-- Provided material follows --

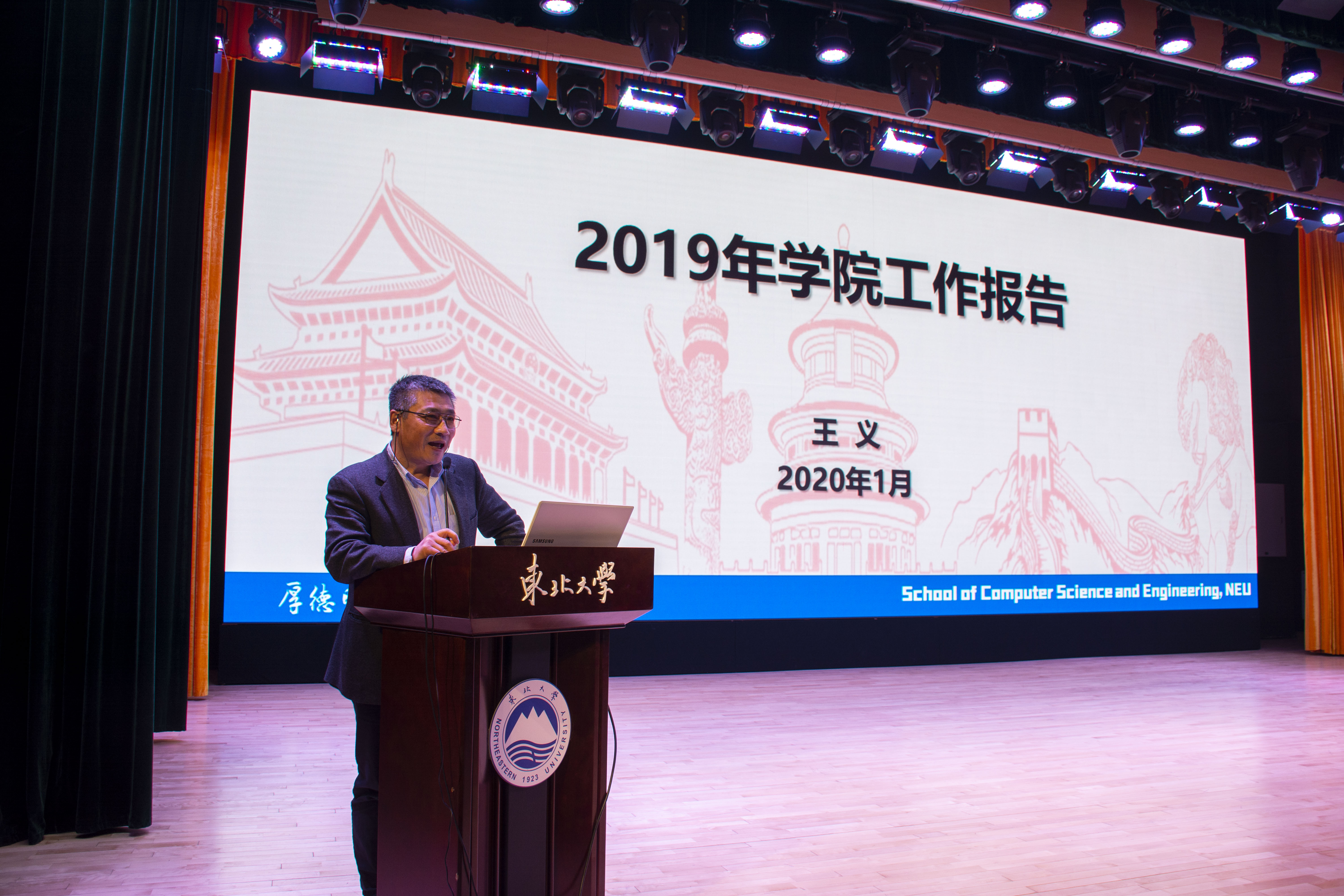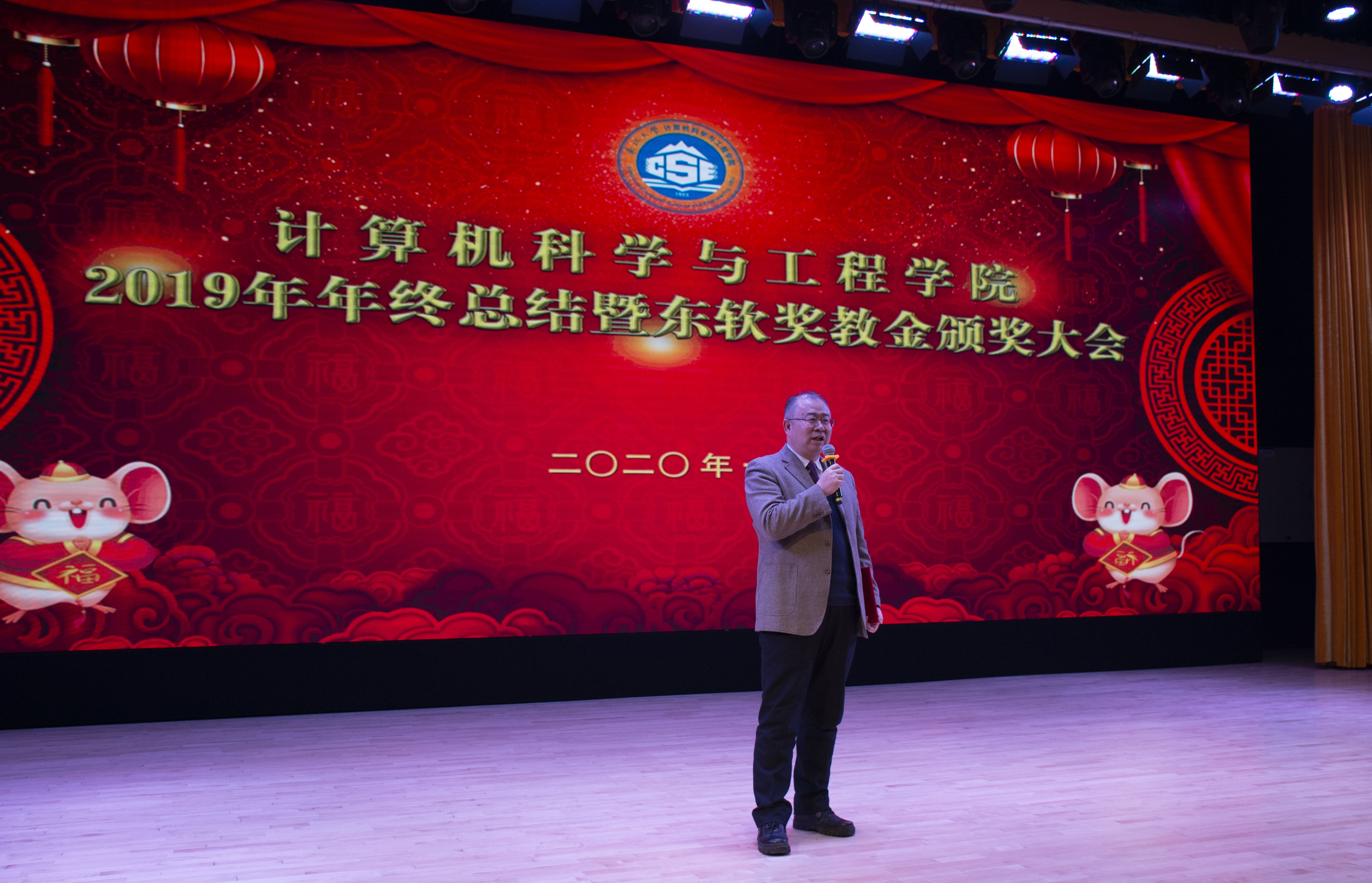 1月7日下午,计算机学院2019年年终总结暨东软奖教金颁奖大会在浑南校区图书馆报告厅举行。东软研究院副院长史卫国、东软研究院人力总监韩冬梅以及学院领导班子全体成员、全院教师、学生代表共计300余人参加了大会。
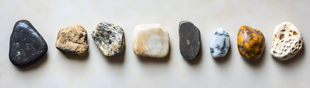 عنا أحجار طاقية خام ومصقولة، وكمان إكسسوارات أحجار جاهزة للبس عشان الطاقة تكون معكو بكل لحظة.
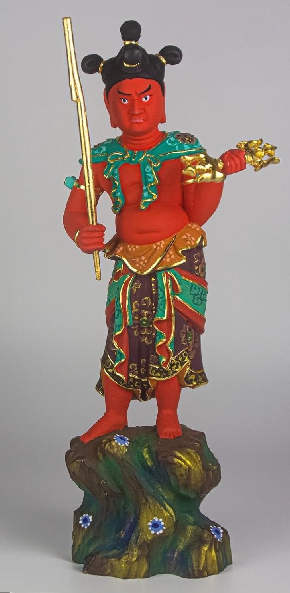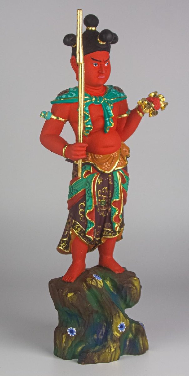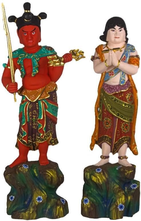 仏像 制咤迦童子 矜羯羅童子 立像 桧木彩色 こんがら せいたか 不動明王脇侍 木彫仏像 木彫り 木製 (Size : 13.5cm)
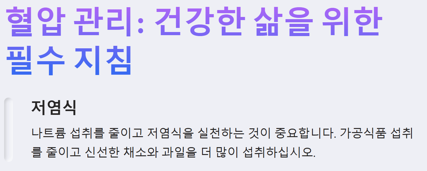 - 저염 식단: 나트륨 섭취를 줄이는 것은 혈압 관리에 가장 중요한 요소 중 하나입니다.
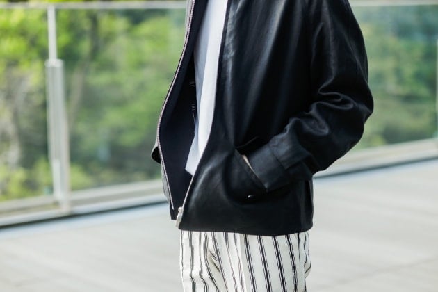 特徴的な襟は寝かしても良い感じです。着こなしに変化をつけられますね。
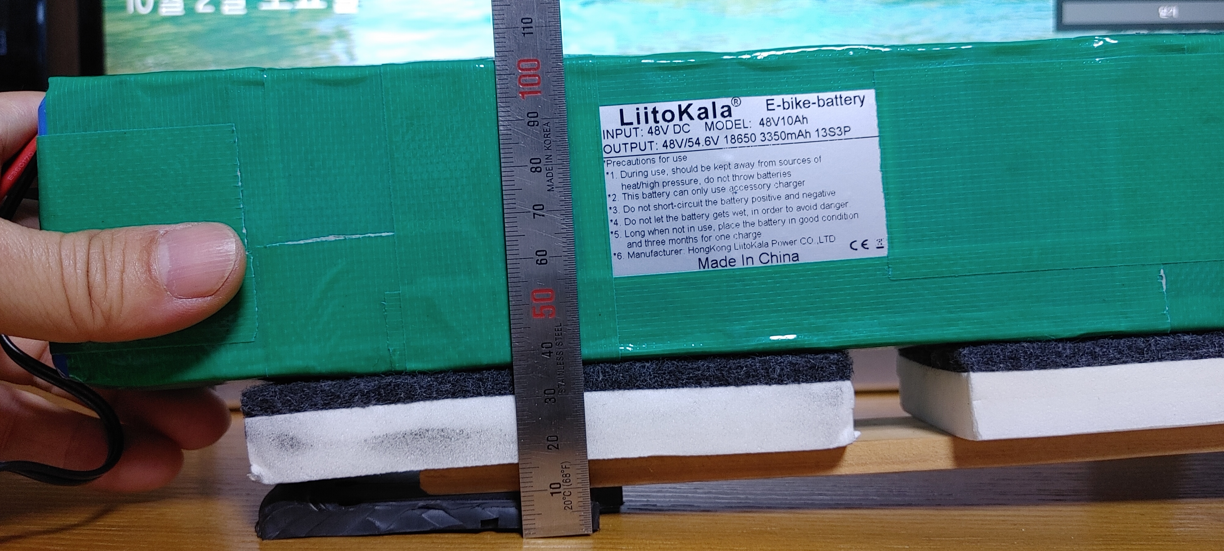이번에 신규로 구매한 추가 48V 10Ah 배터리인 리토칼라 배터리가 기존에 사용하던 예전 배터리의 폭에 비해 3cm 정도 작기 때문에 이를 고정하는 것이 필요합니다. 주변에 눈에 띄는 이것저것을 가지고 고정지그를 제작한 내용을 공유합니다.
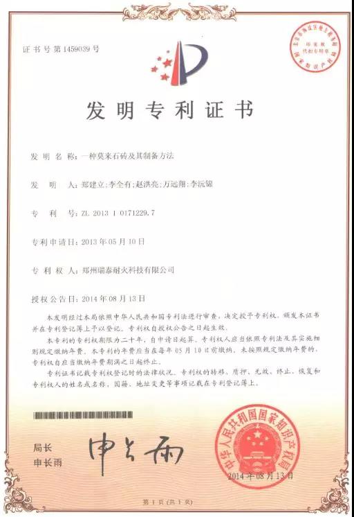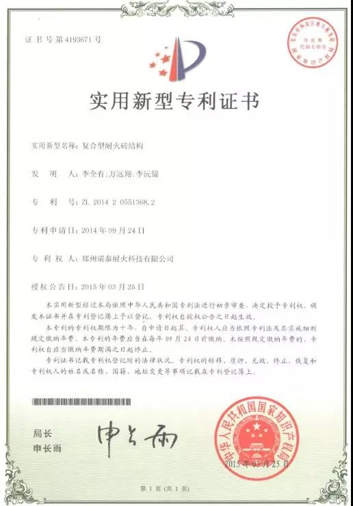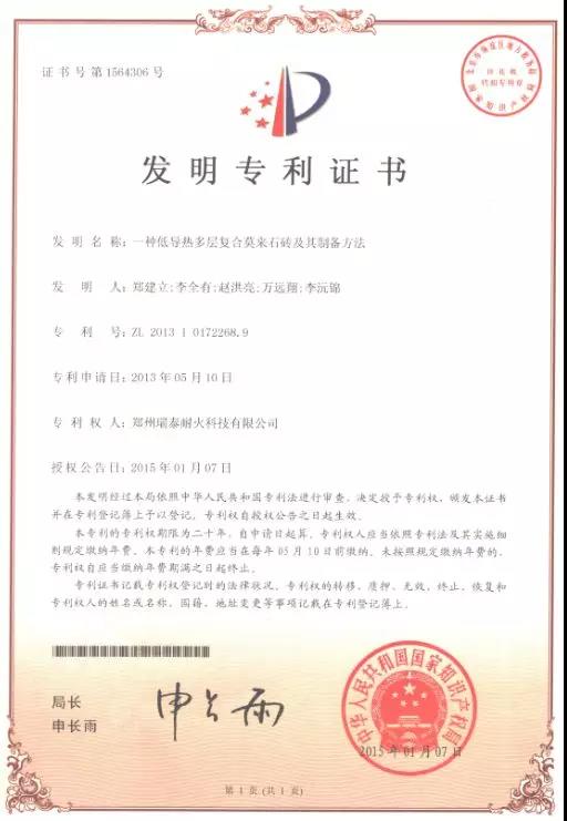 得益于郑州瑞泰前期缜密的市场调研和高瞻远瞩的战略布局,早在10年前,低导热多层复合莫来石砖就开始了研究,通过3年的研究及小批量试验,终于在2012年中旬开始批量推广应用,2013年申请获得了3项发明专利,1项实用新型专利及2项外观专利,是国内乃至世界上耐火材料行业首先攻克多层材料膨胀系数不一致导致结合部位开裂难题的厂家,同时也是多层复合节能型产品量产推广第一家。 2015年7月底郑州瑞泰研制的低导热多层复合莫来石砖通过了河南省科技厅组织的科技成果鉴定,参与鉴定专家一致给予该产品较高的评价,认为其综合技术水平达到了国际领先水平。次年该产品更是获得了河南省科技进步奖三等奖、郑州市科技进步奖一等奖、中国建材联合会科技进步奖二等奖,这些奖项的获得给郑州瑞泰带来的不仅仅是荣誉,更是对该节能型产品的认可。 经过7年多国内外数百家水泥企业客户使用印证,郑州瑞泰研究的这种低导热多层复合莫来石砖使用安全可靠,没有一例使用过程中从结合部位开裂的案例,并且隔热效果明显,客户使用后同比条件下均能比硅莫砖降低50~80℃,吨水泥煤耗可降1.5~2Kg。很多客户使用至后期时发现该节能产品比相邻硅莫砖温度低了60~90℃,相同部位使用寿命平均比硅莫砖高2~3个月,再次证明该节能型产品的隔热效果为使用全周期,隔热效果并未因使用时间变长而变差。 郑州瑞泰近些年通过大量客户使用数据反馈,不断优化产品配比及结构性能,为客户带了使用更加安全,节能效果更佳显著,品种更加丰富的节能型产品。在低导热多层复合莫来石砖国家行业标准发布前期,郑州瑞泰更是凭借该产品获得中国建材集团“壮丽70年,世界之最”十四项重大项目之一。 这些荣誉的获得激励着郑州瑞泰人朝着“绿色发展、行业引领”不断前行。

-- Provided material concluded --

- **Task to carry out**
Now transcribe the lines above exactly, starting at the line containing "仏像 制咤迦童子 矜羯羅童子" and ending at the line containing "이번에 신규로 구매한", both lines included, pictures excluded.

- **Output for this task**
 仏像 制咤迦童子 矜羯羅童子 立像 桧木彩色 こんがら せいたか 不動明王脇侍 木彫仏像 木彫り 木製 (Size : 13.5cm)
 - 저염 식단: 나트륨 섭취를 줄이는 것은 혈압 관리에 가장 중요한 요소 중 하나입니다.
 特徴的な襟は寝かしても良い感じです。着こなしに変化をつけられますね。
이번에 신규로 구매한 추가 48V 10Ah 배터리인 리토칼라 배터리가 기존에 사용하던 예전 배터리의 폭에 비해 3cm 정도 작기 때문에 이를 고정하는 것이 필요합니다. 주변에 눈에 띄는 이것저것을 가지고 고정지그를 제작한 내용을 공유합니다.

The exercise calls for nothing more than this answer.